The outage has affected forex transactions at retail banks—from Barclays and Lloyds to Westpac Banking—as well, all of which rely on Travelex to supply cash in foreign currencies – WSJ

The holidays have made this a later-than-usual Jobs Report Friday. Here’s what to watch for in the numbers – NYTimes and WSJ and Bloomberg and MarketWatch

Boeing’s bad-look parade for its 737 Max continues unabated with the release of a “new batch of internal messages in which company employees discussed deep unease” with the plane – Bloomberg and NYTimes and WSJ

Content, apparently, that the recent turmoil involving Iran has subsided, stocks surged to new heights on Thursday – NYTimes and WSJ and MarketWatch

Grubhub is aggressively pushing back against recent stories in the Journal and NY Post suggesting that its shopping itself around, saying it is “confident in its growth strategy whether or not it makes acquisitions” – Bloomberg

The new BoJo-friendly UK House of Commons voted this week to back the Brexit deal the Prime Minister negotiated with the EU late last year, supporting the measure 330 to 231. The legislation now heads to the House of Lords – WSJ

An economic crisis three-years in the making is hitting state-owned insurance company PT Asuransi Jiwasraya, which is desperately seeking a government bailout to address the $2 billion “hole in its books”—the result of “product mispricing, reckless investment activities, aggressive window dressing and liquidity pressure” – Bloomberg

Recent testimony from a Swiss trader-turned-government-witness has prompted Goldman Sachs to open a compliance probe into one of its veteran bankers.

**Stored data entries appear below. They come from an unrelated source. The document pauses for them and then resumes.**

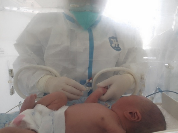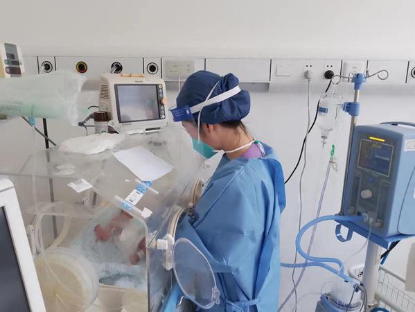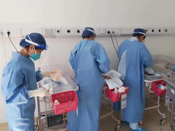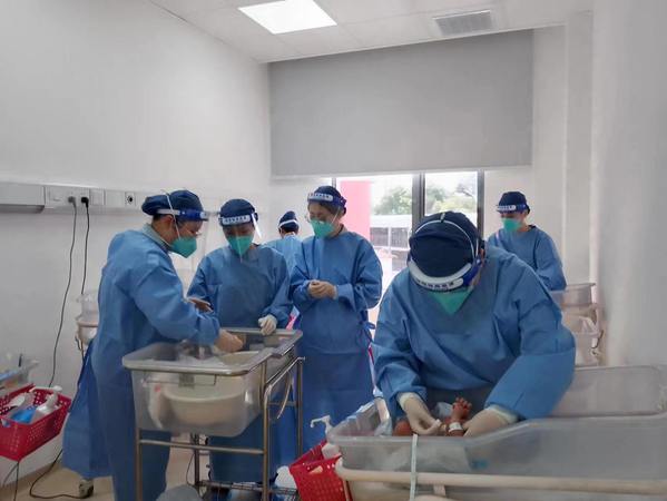 新生儿科主任曹云带领医护团队准备病房布置及物资,从第一台暖箱、第一台呼吸机,到第一台监护仪、输液泵、光疗仪,一个个新生儿救治单元和床单位迅速建立。在医务部柳龚堡主任、护理部顾莺主任、院感科王传清主任的通力合作及帮助下,迅速组建医护团队,制定收住院及出院流程、病房管理制度,各项工作逐渐步入正轨。3月30日收治了第一例新冠阳性母亲分娩的新生儿。
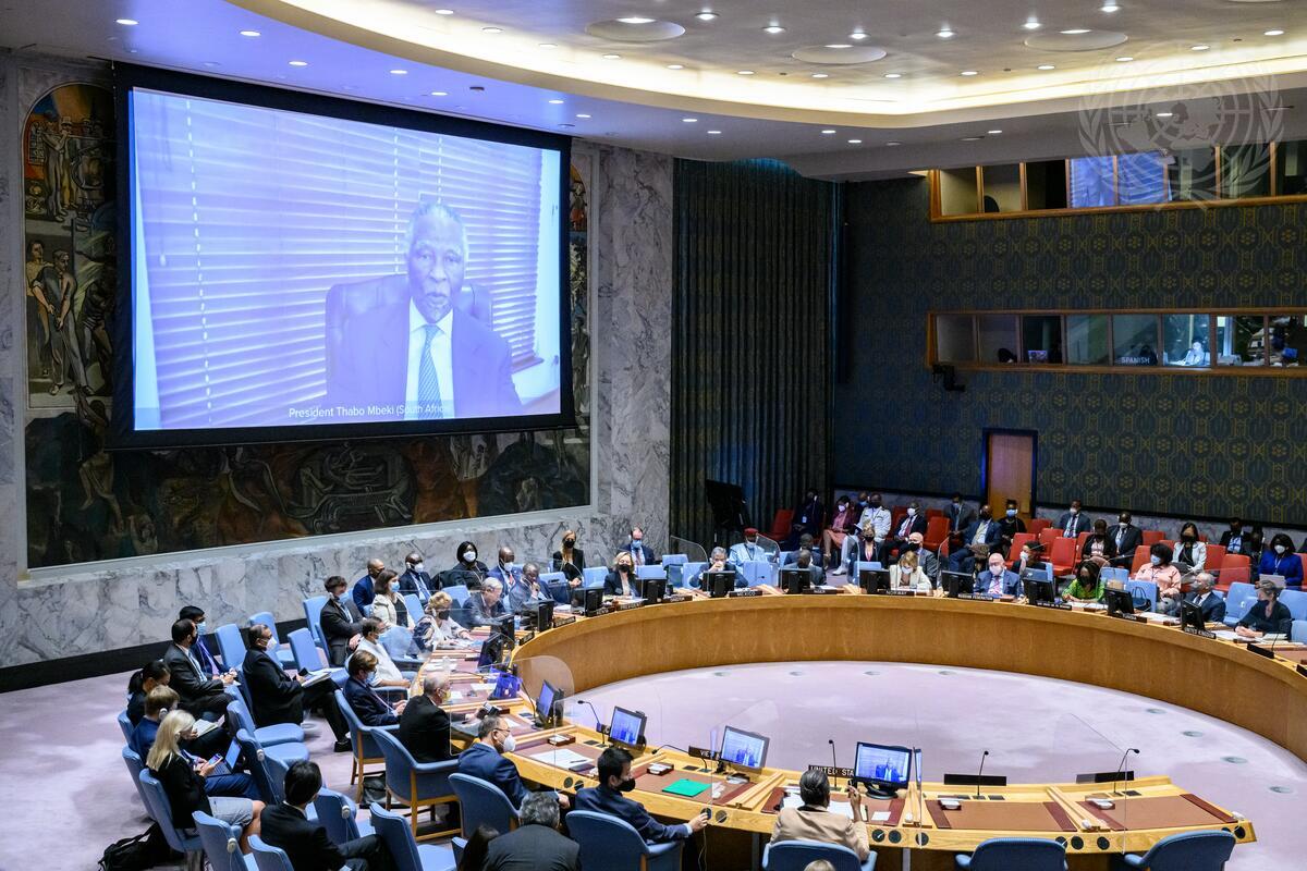 Thabo Mbeki (on screen), former President of South Africa, addresses the Security Council meeting on peacebuilding and sustaining peace, with a focus on diversity, state building and the search for peace.
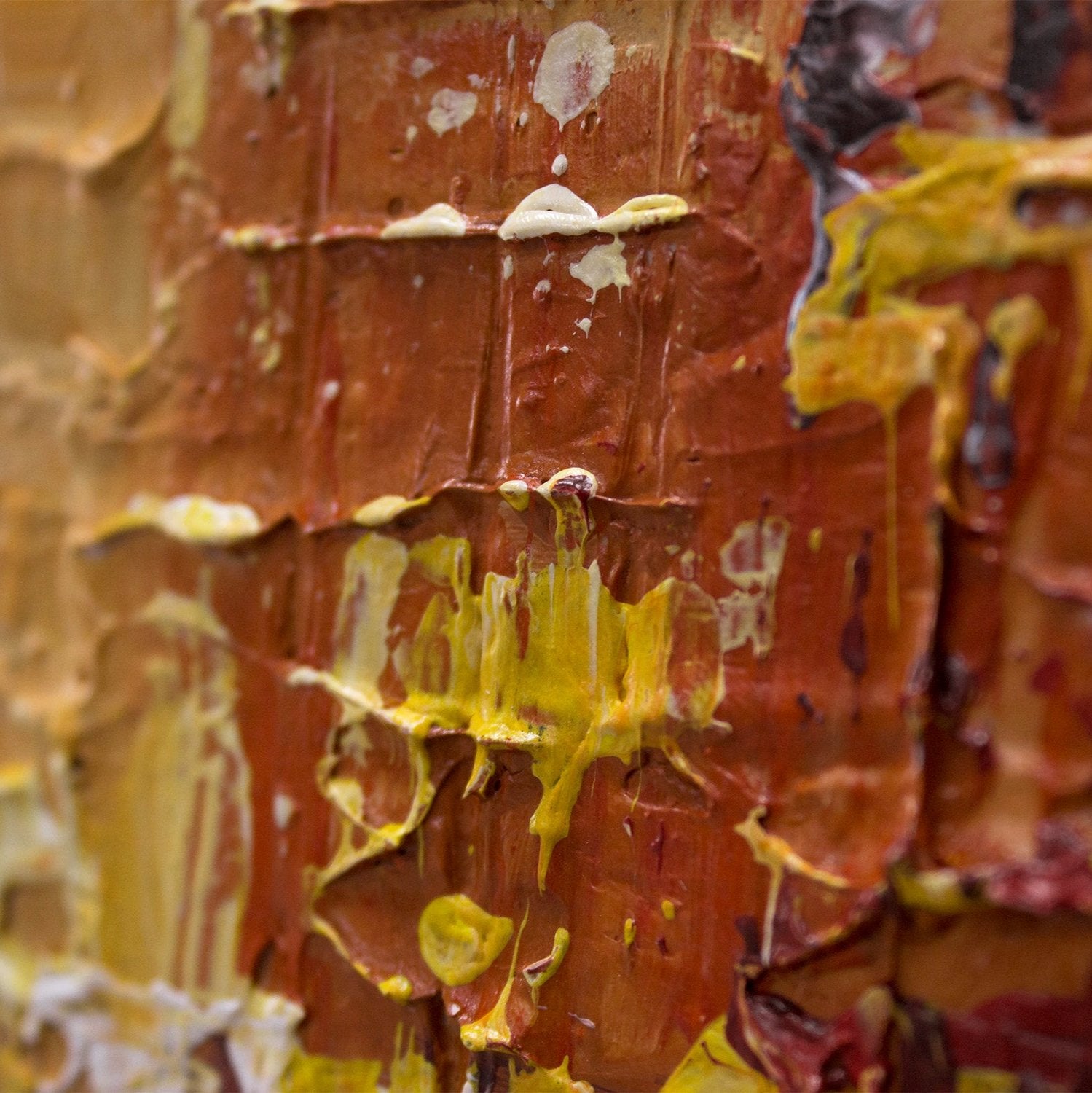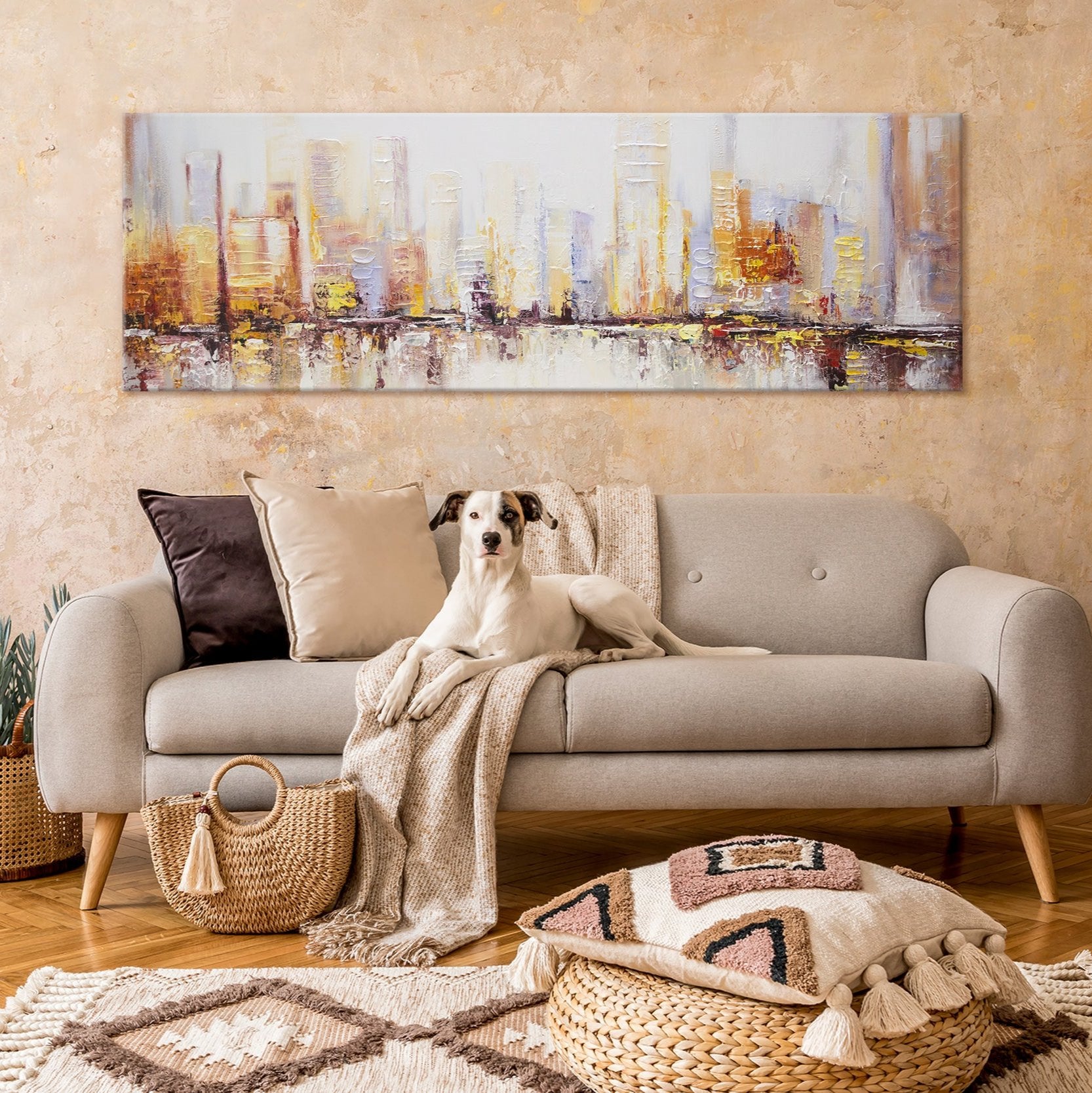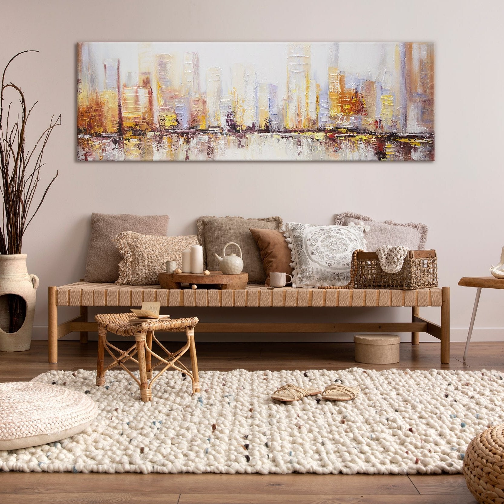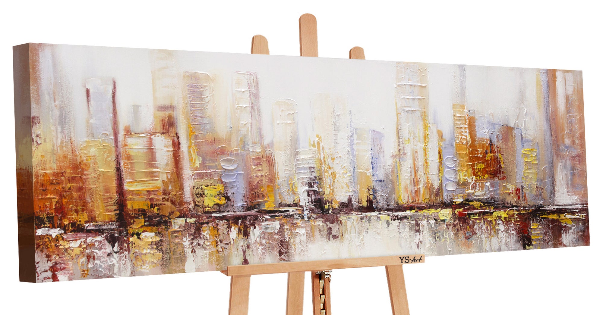 Dieses beeindruckende Acrylgemälde zeigt eine abstrakte Darstellung einer modernen Stadtlandschaft. Mit kräftigen Pinselstrichen und warmen Farben wie Gelb, Orange und Weiß bringt dieses Kunstwerk die Energie und das Leben einer Metropole auf Leinwand.

The trader testified this week that he “stole mining-sector merger secrets” from the Goldman banker while the two were a couple in 2010 – Law360 and Bloomberg

Regional Fed chiefs James Bullard and Neel Kashkari have gone on record in support of holding short-term interest rates steady for the foreseeable future. Their statements echo recent comments from Fed Vice Chair Richard Clarida suggesting the U.S. economy is in a “good place” – WSJ

The U.S. and China are “finalizing a bevy of long-running corporate deals” in anticipation of the long-awaited signing of phase one of a trade deal between the two countries next week. While details about the substance of the phase one pact remain limited, the corporate dealmaking suggests the return of some optimism about the economic relationship between the economic giants – Bloomberg

The pics alone accompanying the Times’ 52 Places in 2020 piece feel like a getaway. Because we all can dream, right?  – NYTimes

Have a great weekend.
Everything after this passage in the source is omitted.